Note how the configuration in this case is a JSON file; a YAML file would also work. Further, we override the number of processes to use to 96 using the --processes flag.

wikipedia-mixer.json looks like the following (A YAML-equivalent version is available at wikipedia-mixer.yaml):

{
  # mix command operates on one or more stream; each can correspond to a different data source
  # and can have its own set of filters and transformations
  "streams": [
    {
      # name of the stream; this will be used as a prefix for the output files
      "name": "getting-started",
      # the documents to mix; note how we use a glob pattern to match all documents
      "documents": [
        "wikipedia/v0/documents/*.gz",
      ]
      # this is the directory where the output will be written
      # note how the toolkit will try to create files of size ~1GB
      "output": {
        "path": "wikipedia/example0/documents",
        "max_size_in_bytes": 1000000000
      },
      "attributes": [
        "exp",                           # load the attributes from the taggers
        "bff_duplicate_paragraph_spans"  # load the attributes from the deduper
      ],
      # filers remove or include whole documents based on the value of their attributes
      "filter": {
        "include": [
           # Include all documents with length less than 100,000 whitespace-separated words
          "$.attributes[?(@.exp__whitespace_tokenizer_with_paragraphs_v1__document[0][2] < 100000)]"
        ],
        "exclude": [
          # Remove any document that is shorter than 50 words
          "$.attributes[?(@.exp__whitespace_tokenizer_with_paragraphs_v1__document[0][2] < 50)]",
          # Remove any document whose total English fasttext score is below 0.5
          "$.attributes[?(@.exp__ft_lang_id_en_paragraph_with_doc_score_v2__doc_en[0][2] <= 0.5)]",
          # Remove all documents that contain a duplicate paragraph
          "$@.attributes[?(@.bff_duplicate_paragraph_spans && @.bff_duplicate_paragraph_spans[0] && @.bff_duplicate_paragraph_spans[0][2] >= 1.0)]"
        ]
      },
      # span replacement allows you to replace spans of text with a different string
      "span_replacement": [
        {
          # remove paragraphs whose not-English cld2 socre is below 0.9 in a document
          "span": "$.attributes.exp__cld2_en_paragraph_with_doc_score_v2__not_en",
          "min_score": 0.1,
          "replacement": ""
        }
      ]
    }
  ],
  # this process option is overridden by the command line flag
  "processes": 1
}

The above configuration will create a directory called wikipedia/example0/documents with a set of files that contain the documents that pass the filters.
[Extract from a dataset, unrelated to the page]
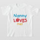 Nanny Loves Me T-shirts, cards, stickers, bodysuits bags, and more with colorful red, yellow, and blue text and heart design. These Nanny Loves me apparel and gift items will make nanny smile!

Step 4: Tokenize The Dataset

Finally, we tokenize the dataset using the tokens command. In this example, we use EleutherAI's excellent GPT Neo-X 20B tokenizer.

dolma tokens \
    --documents "wikipedia/example0/documents/*.gz" \
    --tokenizer.name_or_path "EleutherAI/gpt-neox-20b" \
    --destination wikipedia/example0/tokens \
    --processes 16

Tokenized documents will be written to wikipedia/example0/tokens.